◆ Exercise details:
Word for word, transcribe every line from the one holding "Nom du produit" through the end of the records, but not the pictures.

◆ Data extracted from a collection:

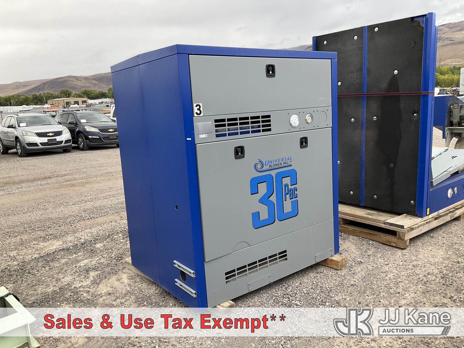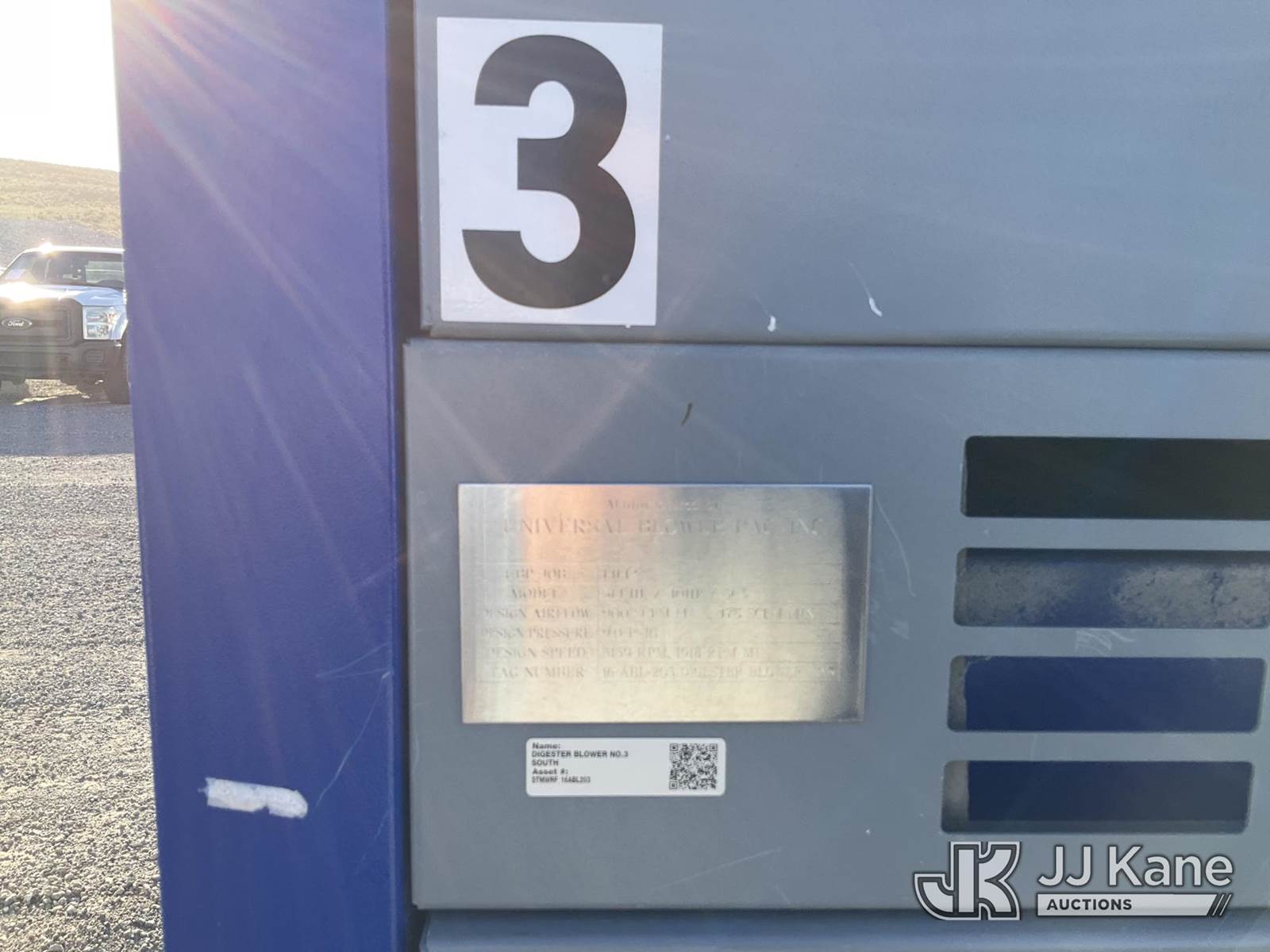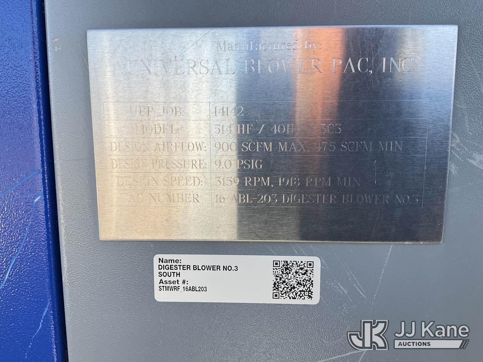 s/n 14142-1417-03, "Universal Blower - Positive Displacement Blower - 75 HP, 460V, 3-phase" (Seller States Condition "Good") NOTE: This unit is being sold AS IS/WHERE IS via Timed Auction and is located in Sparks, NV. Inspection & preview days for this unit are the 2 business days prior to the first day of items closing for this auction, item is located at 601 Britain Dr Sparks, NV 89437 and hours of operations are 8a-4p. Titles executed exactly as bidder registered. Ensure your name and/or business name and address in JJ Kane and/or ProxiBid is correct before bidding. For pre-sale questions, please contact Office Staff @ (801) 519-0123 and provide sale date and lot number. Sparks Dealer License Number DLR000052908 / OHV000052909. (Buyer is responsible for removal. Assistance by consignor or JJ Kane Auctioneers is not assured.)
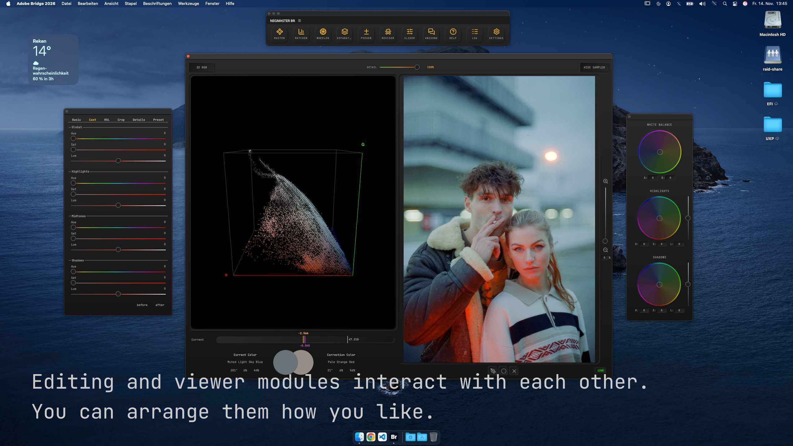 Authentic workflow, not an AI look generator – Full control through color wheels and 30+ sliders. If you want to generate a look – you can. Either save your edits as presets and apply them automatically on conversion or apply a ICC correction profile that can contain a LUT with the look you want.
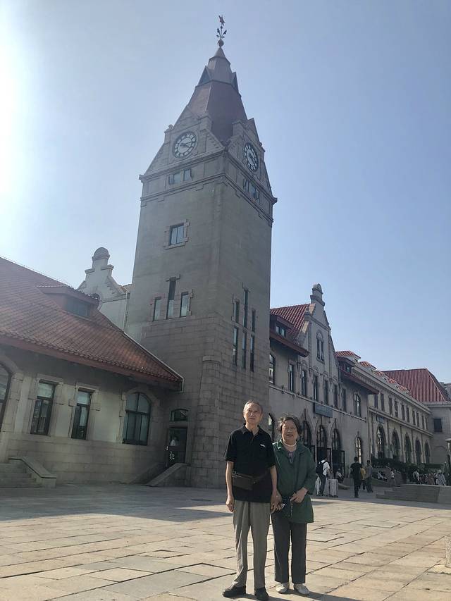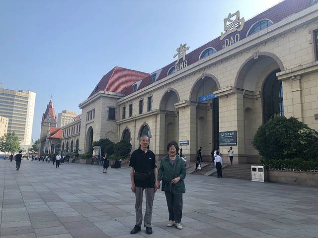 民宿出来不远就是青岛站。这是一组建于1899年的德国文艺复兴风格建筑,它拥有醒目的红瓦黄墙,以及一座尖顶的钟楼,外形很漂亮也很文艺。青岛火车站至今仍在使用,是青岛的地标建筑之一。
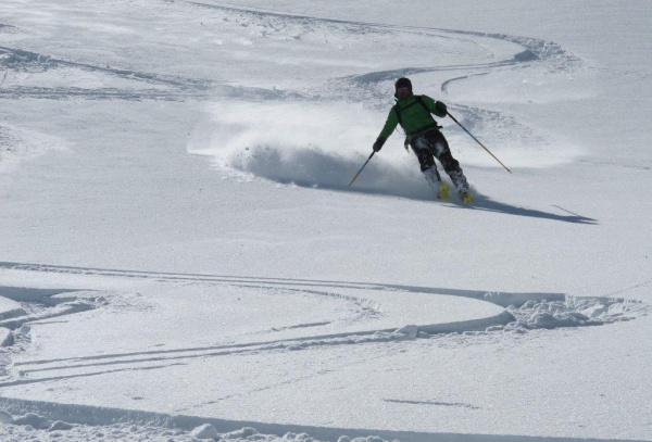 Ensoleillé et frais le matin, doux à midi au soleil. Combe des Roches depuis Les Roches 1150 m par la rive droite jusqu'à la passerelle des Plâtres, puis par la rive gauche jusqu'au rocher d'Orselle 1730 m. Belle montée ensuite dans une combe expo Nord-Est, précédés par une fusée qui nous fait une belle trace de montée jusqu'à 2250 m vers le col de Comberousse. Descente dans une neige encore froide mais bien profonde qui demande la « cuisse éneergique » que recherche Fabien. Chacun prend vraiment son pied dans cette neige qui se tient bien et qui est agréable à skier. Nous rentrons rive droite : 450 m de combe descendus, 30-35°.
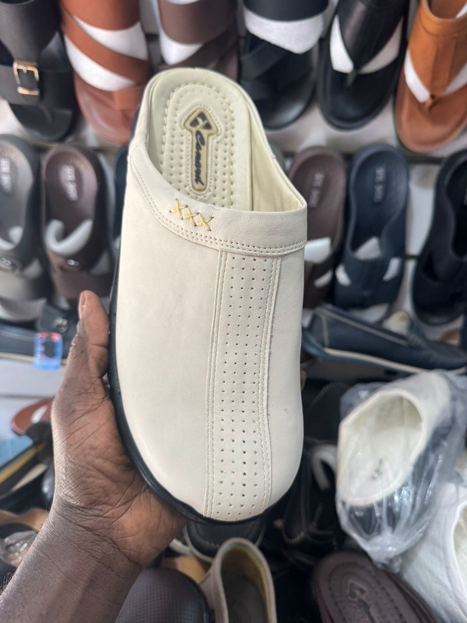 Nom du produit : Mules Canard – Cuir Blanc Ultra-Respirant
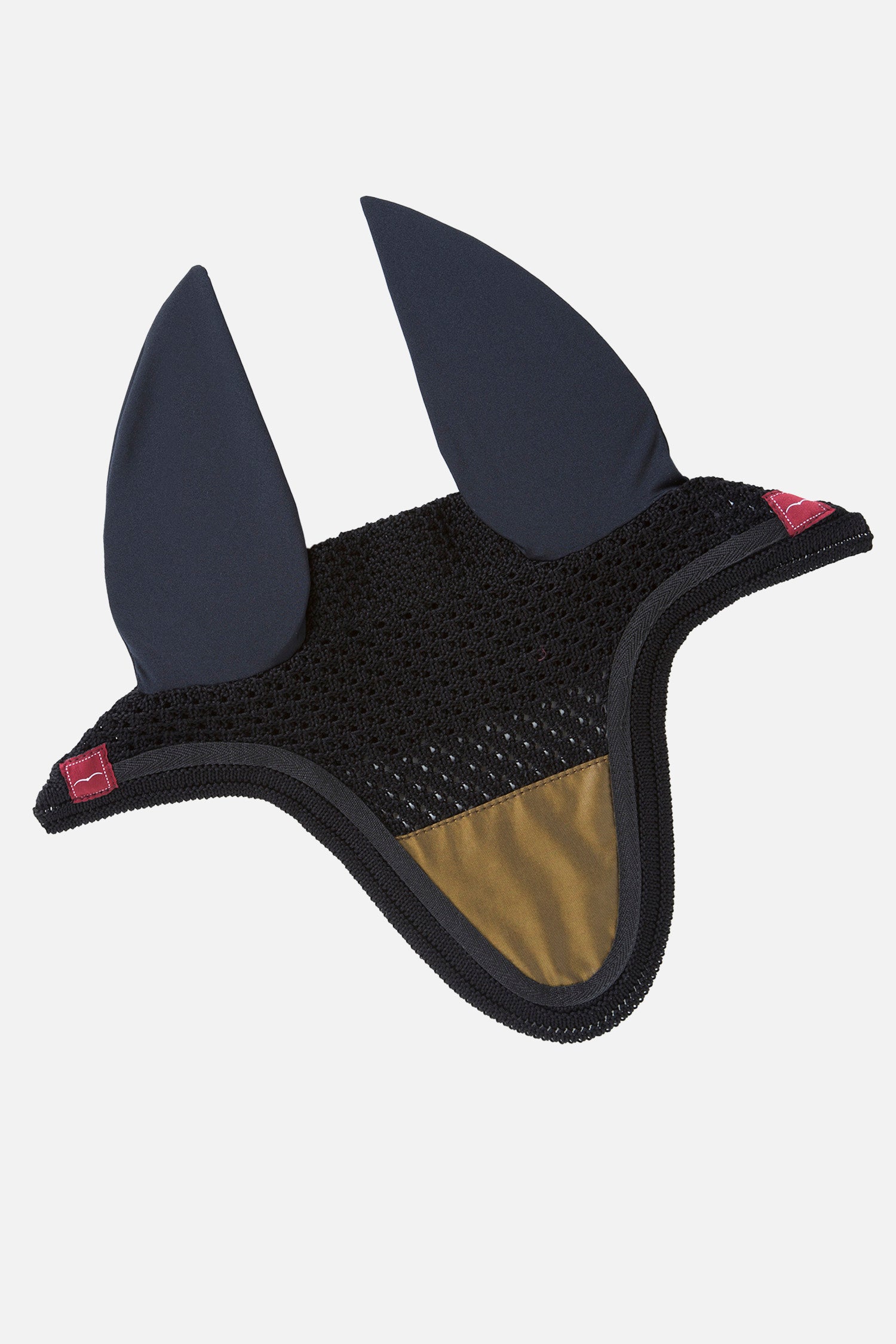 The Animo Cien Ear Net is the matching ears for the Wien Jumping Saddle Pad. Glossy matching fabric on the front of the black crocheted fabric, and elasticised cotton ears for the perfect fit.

◆ Reply to the exercise:
 Nom du produit : Mules Canard – Cuir Blanc Ultra-Respirant
 The Animo Cien Ear Net is the matching ears for the Wien Jumping Saddle Pad. Glossy matching fabric on the front of the black crocheted fabric, and elasticised cotton ears for the perfect fit.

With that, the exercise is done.